Why Can’t You Just Control Your Drinking?

We interrupt this series on Healthy Relationships to bring you a bulletin. This just in: heavy alcohol use can interfere with relationships!

“I don’t want to stop drinking. I want to drink moderately, like two or three beers a night. If I do that I can get my wife/girlfriend/husband/boss off my back. I think if I just stick to beer, maybe wine when we go out to eat, I’ll be okay. It’s the hard stuff that’s a problem.” “Or maybe I could drink beer during the week, and the other stuff, just one or two…maybe three drinks, on weekends.”

This is the wish of every alcoholic: to drink like a “normal” person. If alcohol has caused a problem in your life, a legal, health, job or family problem, why would you want to drink more of it? Is that seductive liquid, alcohol, so important that you are willing to risk another DUI and probable jail time? Or is the price of your drinking just a disappointed wife and another night passed out in front of the television? I know, you’re just tired after a tough day. You deserve a drink. Right! You have not had “a drink” in a very long time.

Choosing alcohol over your family makes some very clear statements, ones that are devastating to spouse and children. It says that the alcohol is more important than they are. Want to argue that? If you are alcoholic, of course you do; alcoholics spend a lot of time and energy justifying and defending their drinking. If your spouse’s request that you stop drinking or your children’s hurt and disgusted looks are important to you, pay attention and put them ahead of your precious alcohol. If you don’t like being awake (un-passed out) during the evening, don’t like being sober and emotionally present, give yourself a break and get help. The need for a drink, even just a beer, to provide you with comfort in your own skin just might signify a little problem. You think? Consider “taking a few months off” from drinking…hmmm…just do it to lose weight…there’s an idea. New cure for obesity: stop ingesting thousands of calories of alcohol.

Hint #1: if you are not alcoholic, it is no problem to not drink alcohol. Non-alcoholics do not have to “control” their drinking; they can take it or leave it. Real alcoholics CANNOT consistently drink moderately. Period.

Hint #2: If you cannot stop drinking and stay stopped, you deserve help. Find a therapist who actually knows something about alcoholism recovery, not one who will try to “teach” you to “control” your drinking. Normal drinkers do not have to control their drinking. If you are not a normal drinker, or a non-drinker, you are a problem drinker and you deserve recovery. Drop in at a 12 step support group…it’s free. You have nothing to lose.

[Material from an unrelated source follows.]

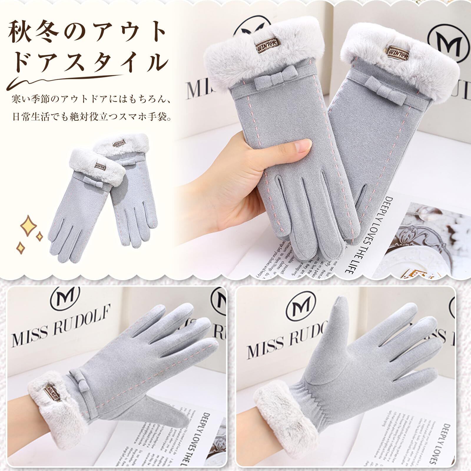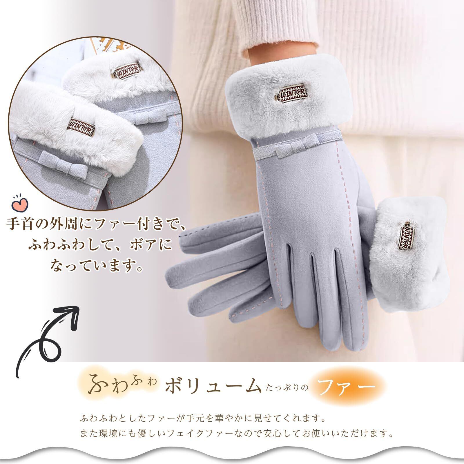 [AMOVO] 2024年ファー手袋 レディース タッチパネル対応 手首ファー付 ふわふわ 暖かい 裏起毛 通勤 通学 自転車 防寒 防風 女の子 五本指 グローブ

Hint # 3: When/if you stop drinking, lots of feelings will come up. You will have to find a way to deal with them.

One three part definition of alcoholism goes like this:

  1. Compulsive Use
  2. Inability to Control the Amount Used
  3. Continued Use in Spite of Adverse Consequences

(For an expansion of these three points, see the article Addiction.)

More simply put, if alcohol is causing a problem in your life, you probably have a problem with alcohol and could probably call yourself alcoholic.

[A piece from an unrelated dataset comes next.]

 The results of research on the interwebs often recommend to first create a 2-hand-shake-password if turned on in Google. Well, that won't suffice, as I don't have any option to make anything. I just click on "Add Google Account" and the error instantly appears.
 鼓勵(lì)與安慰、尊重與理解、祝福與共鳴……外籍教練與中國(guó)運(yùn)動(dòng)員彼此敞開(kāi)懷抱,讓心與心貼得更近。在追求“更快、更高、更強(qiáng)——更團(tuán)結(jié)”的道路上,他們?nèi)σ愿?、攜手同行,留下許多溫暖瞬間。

If alcohol is not causing a problem, if you can take it or leave it (not substituting alcohol in pill form like Xanax and other benzodiazepines, smoking your alcohol in the form of favorite herb marijuana, or snorting something, shooting up, or using transdermal patches of Fentanyl), then you are probably not alcoholic. Remember, an alcoholic is just an alcohol addict and addicts are able to substitute one drug for another.

What have you got to lose if you actually try living alcohol and drug free…just for a while?